Fit jsdm models in Stan
stan_jsdm.Rd
This function fits joint Species Distribution models in Stan, using either a
generalised linear latent variable model approach (method = "gllvm"
), or a
multivariate generalised linear mixed model approach (method = "mglmm"
).
Usage
stan_jsdm(X, ...)
# Default S3 method
stan_jsdm(
X = NULL,
Y = NULL,
species_intercept = TRUE,
method,
dat_list = NULL,
family,
site_intercept = "none",
D = NULL,
prior = jsdm_prior(),
site_groups = NULL,
beta_param = "unstruct",
Ntrials = NULL,
zi_param = "constant",
zi_X = NULL,
save_data = TRUE,
iter = 4000,
log_lik = TRUE,
...
)
# S3 method for class 'formula'
stan_jsdm(formula, data = list(), ...)
Arguments
- X
The covariates matrix, with rows being site and columns being covariates. Ignored in favour of data when formula approach is used to specify model.
- ...
Arguments passed to
rstan::sampling()
- Y
Matrix of species by sites. Rows are assumed to be sites, columns are assumed to be species
- species_intercept
Whether the model should be fit with an intercept by species, by default
TRUE
- method
Whether to fit a GLLVM or MGLMM model, details in description
- dat_list
Alternatively, data can be given to the model as a list containing Y, X, N, S, K, and site_intercept.

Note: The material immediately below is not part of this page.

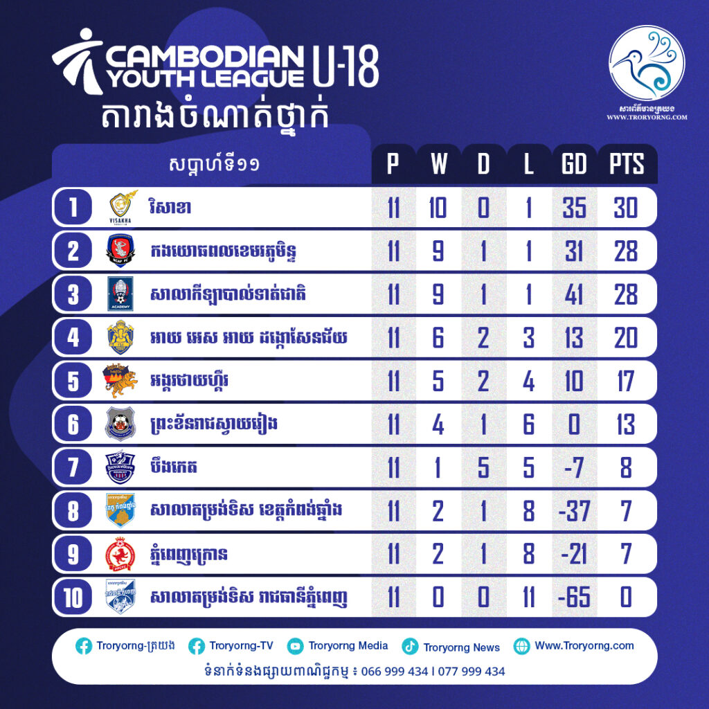 តារាងចំណាត់ថ្នាក់ Cambodian Youth League ឆ្នាំ២០២៥-២៦ ត្រឹមសប្ដាហ៍ទី១១៖

See output of
jsdm_sim_data()
for an example of how this can be formatted.- family
is the response family, must be one of
"gaussian"
,"neg_binomial"
,"poisson"
,"binomial"
,"bernoulli"
, or"zi_poisson"
. Regular expression matching is supported.- site_intercept
Whether a site intercept should be included, potential values
"none"
(no site intercept),"grouped"
(a site intercept with hierarchical grouping) or"ungrouped"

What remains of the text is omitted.